2007 Old Vines Tempranillo, Spain, Sainsbury’s, £3.79. Have fun comparing and contrasting the richer, riper, more velvety, plummy fruit of this softly spicy old-vine tempranillo, grown in the Cordillera Ibérica mountains in northeast Spain, with the previous younger vine ’07.
2006 Cune Monopole Barrel Fermented Rioja Blanco, Spain, Waitrose, down to £5.75 until October 28. White rioja can be a chewy, malodorous mouthful, but Cune’s hand-harvested dream has consistently delivered all the rich, nutty, smoky oak and vanilla flavours that new and old rioja fans alike will adore.
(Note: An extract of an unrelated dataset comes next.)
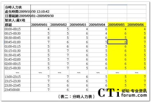 分時人力表在管理上有重要的地位,用于檢視時間內(nèi)排定的出席人數(shù),通常是將此數(shù)據(jù)與預測的話務需求做比對,檢查排定人力數(shù)與話務曲線的擬合度。在現(xiàn)場管理時,則用于小休調(diào)度,避免小休人數(shù)過多,使出席人數(shù)降到關鍵少數(shù)的臨界點下,造成服務水平大幅跌落的狀況發(fā)生。

2003 Gran Feudo Reserva, Navarra, Spain, Waitrose, down to £5.75 until October 28. Navarra, next door to Rioja, can produce wines that are on a par, and this elegant, spicy, plummy red, tempranillo- dominant but topped up with cabernet sauvignon and merlot, is a prime example.
2007 Mar d’Avall Garnatxa Blanca, Emporda, Jean-Marc Lafage, Spain, Bibendum (020-7449 4120), £8.99. Terrific, very unusual, contemporary Spanish white that oozes with fine citrus and faintly celery-scented herby fruit. Would make an arresting winter apéritif or fishy food white.
2006 Mar d’Amunt Carinyena, Emporda, Jean-Marc Lafage, Spain, Bibendum, £8.55. A clean sweep for Spain and why not, it’s almost the last place in Europe to deliver keenly priced first-class wines such as the perfumed, polished, savoury, herby spice of this brilliant carignan-dominant red.